• _AVAILABLE DATA_
════════════════════

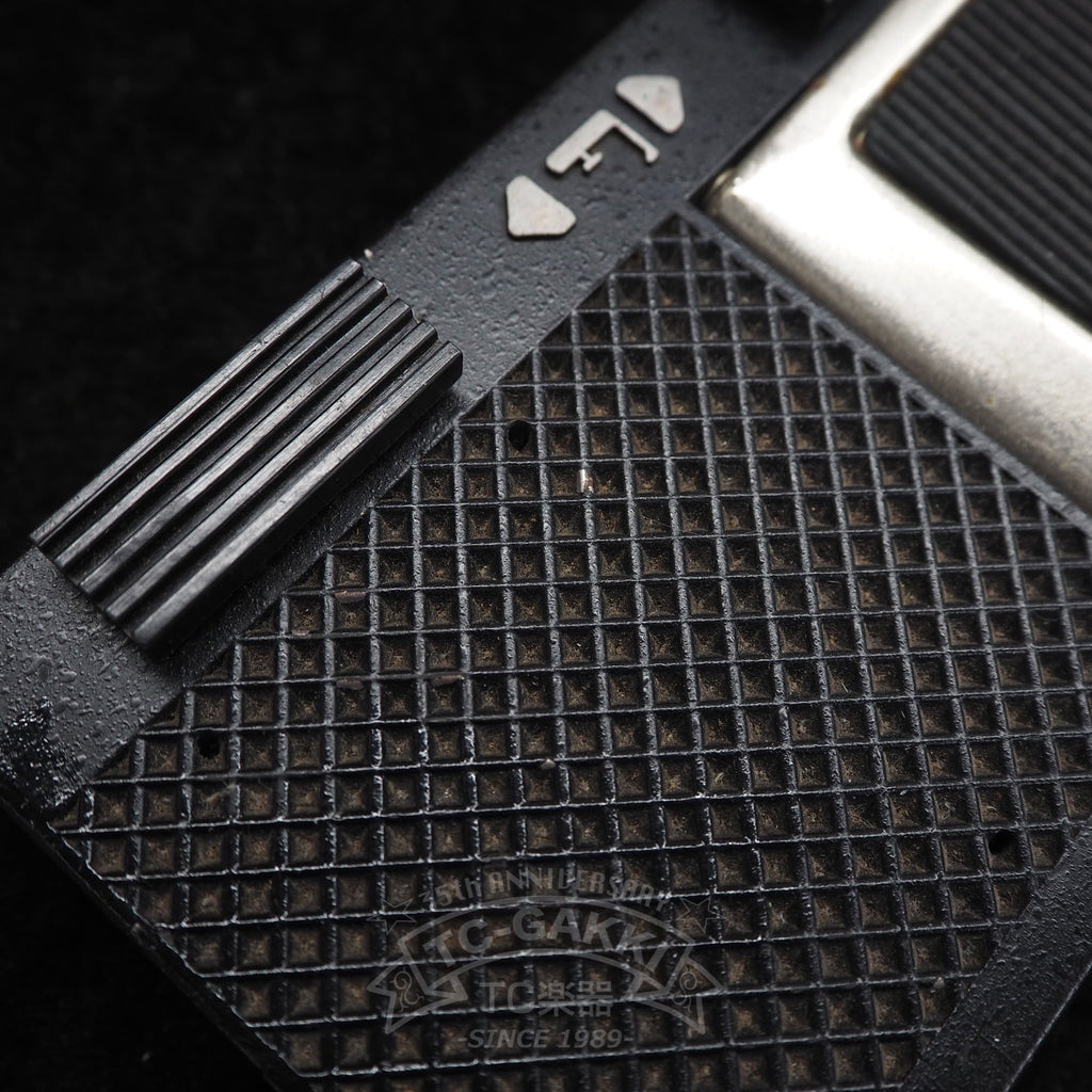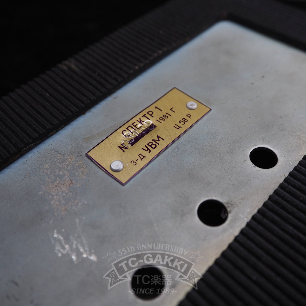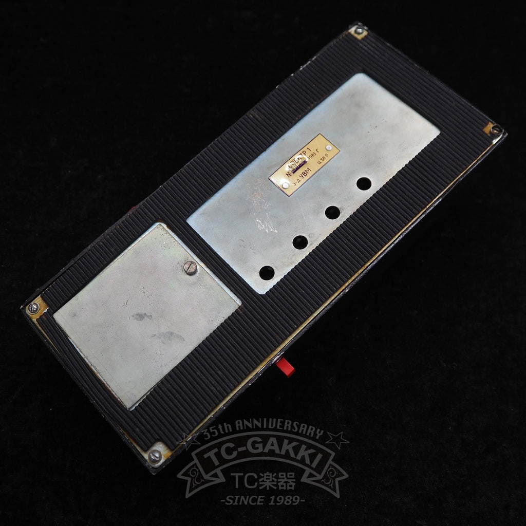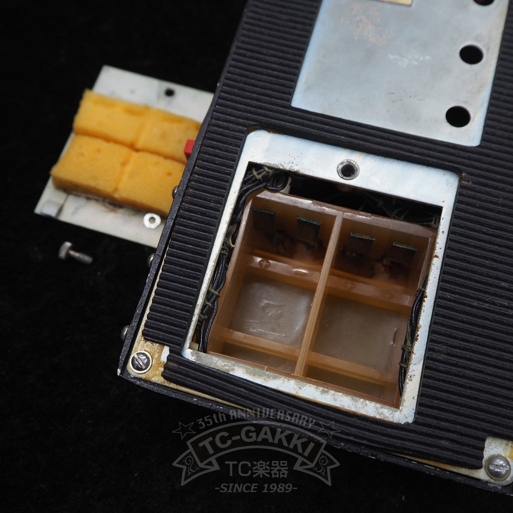 Il s'agit d'une pédale fuzz-wah Spektr-1 de l'ère soviétique. La pédale attire immédiatement le regard. Elle contrôle la wah-wah et son fonctionnement est inverse de celui d'une pédale standard. Le commutateur vertical à gauche contrôle la tonalité de la fuzz (en haut) et son activation/désactivation (en bas). Il est déverrouillable. (Autrement dit, pour jouer en wah-wah, il faut appuyer sur le commutateur de fuzz avec le talon tout en appuyant sur la pédale wah.) La pédale wah peut être verrouillée en position haute en faisant glisser la partie marron vers la droite lorsque la pédale est en position haute. Le côté gauche est équipé d'un puissant commutateur de trémolo (vibrato). Les prises à droite sont, de gauche à droite, une prise d'alimentation CC, une prise de sortie, une prise d'entrée et un coupe-circuit. (Réglé sur ON pour un fonctionnement sur batterie ; réglé sur OFF pour un fonctionnement sur alimentation.) Lorsque vous utilisez une fuzz-wah, elle produit un rugissement assourdissant, rappelant une fuzz-wah fOXX ! Elle fonctionne avec deux piles 9 V, mais ne vous inquiétez pas, elle peut également être utilisée avec une alimentation 9 V CC classique. Pour être honnête, les câbles spéciaux peuvent être un peu délicats à utiliser, et ce n'est pas parfait à tous points de vue, mais les amateurs de pédales l'apprécieront, et je pense que c'est un modèle qui évoque l'atmosphère romantique de quelque chose qui existait dans l'histoire.
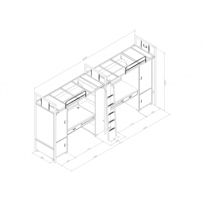 客户需求:1、 床头采用40*40*1.5mm优质方管制作,国标钢材; 2、 床帮采用25*40*1.5mm钢制矩形管,国标钢材; 3、 书桌桌面采用1.0mm优质冷轧钢板,桌面长边采用鸭嘴边造型设计;桌斗采用0.8mm优质冷轧钢板制作,国标钢材,抽屉采用门吊锁,结实美观; 4、 书架采用1.0mm冷板,加强处理,书架挂板采用1.5mm冷板,专有模具加工。 5、 床撑采用25*25*1.5mm钢制矩形管制作,5根均布,国标管材; 6、 护栏规格:1020*240,位置往两边床头各偏移200mm,采用Φ20*1.5mm钢制圆管制作,结实耐用,国标管材; 7、 床梯采用25*25*1.5mm两根钢制矩形管煨弯成型,国标管材;踏步采用1.0mm优质钢板制作,内含钢制加强筋,保证强度; 8、 床板采用12mm优质胶合板制作;
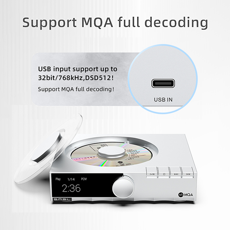 SMSL PL200T lecteur CD haute résolution MQA-CD entrée d'horloge DSD512 système Servo P.A.S.S prise en charge de l'entrée USB sortie coaxiale optique I2S AES/EBU
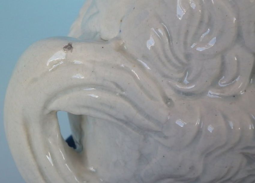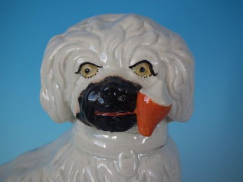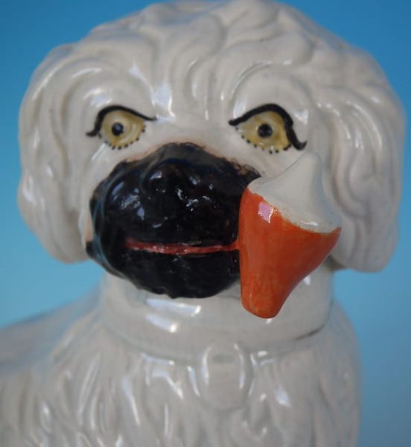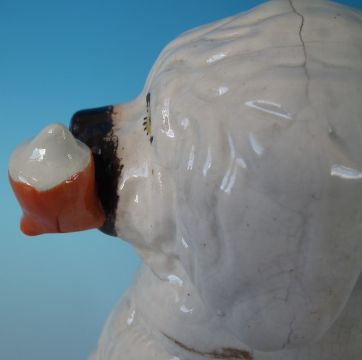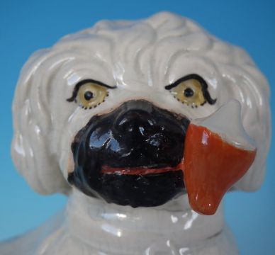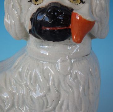 Staffordshire Pottery pipe smoking spaniel on blue base

════════════════════

• _AIM OF THE TASK_
Exact repetition required: repeat the first line of the listing above, the line containing "客户需求:1、 床头采用40*40*1.5mm优质方管制作,国标钢材; 2、", and every line between, leaving out pictures.

• _ANSWER TO THE EXERCISE_
 Il s'agit d'une pédale fuzz-wah Spektr-1 de l'ère soviétique. La pédale attire immédiatement le regard. Elle contrôle la wah-wah et son fonctionnement est inverse de celui d'une pédale standard. Le commutateur vertical à gauche contrôle la tonalité de la fuzz (en haut) et son activation/désactivation (en bas). Il est déverrouillable. (Autrement dit, pour jouer en wah-wah, il faut appuyer sur le commutateur de fuzz avec le talon tout en appuyant sur la pédale wah.) La pédale wah peut être verrouillée en position haute en faisant glisser la partie marron vers la droite lorsque la pédale est en position haute. Le côté gauche est équipé d'un puissant commutateur de trémolo (vibrato). Les prises à droite sont, de gauche à droite, une prise d'alimentation CC, une prise de sortie, une prise d'entrée et un coupe-circuit. (Réglé sur ON pour un fonctionnement sur batterie ; réglé sur OFF pour un fonctionnement sur alimentation.) Lorsque vous utilisez une fuzz-wah, elle produit un rugissement assourdissant, rappelant une fuzz-wah fOXX ! Elle fonctionne avec deux piles 9 V, mais ne vous inquiétez pas, elle peut également être utilisée avec une alimentation 9 V CC classique. Pour être honnête, les câbles spéciaux peuvent être un peu délicats à utiliser, et ce n'est pas parfait à tous points de vue, mais les amateurs de pédales l'apprécieront, et je pense que c'est un modèle qui évoque l'atmosphère romantique de quelque chose qui existait dans l'histoire.
 客户需求:1、 床头采用40*40*1.5mm优质方管制作,国标钢材; 2、 床帮采用25*40*1.5mm钢制矩形管,国标钢材; 3、 书桌桌面采用1.0mm优质冷轧钢板,桌面长边采用鸭嘴边造型设计;桌斗采用0.8mm优质冷轧钢板制作,国标钢材,抽屉采用门吊锁,结实美观; 4、 书架采用1.0mm冷板,加强处理,书架挂板采用1.5mm冷板,专有模具加工。 5、 床撑采用25*25*1.5mm钢制矩形管制作,5根均布,国标管材; 6、 护栏规格:1020*240,位置往两边床头各偏移200mm,采用Φ20*1.5mm钢制圆管制作,结实耐用,国标管材; 7、 床梯采用25*25*1.5mm两根钢制矩形管煨弯成型,国标管材;踏步采用1.0mm优质钢板制作,内含钢制加强筋,保证强度; 8、 床板采用12mm优质胶合板制作;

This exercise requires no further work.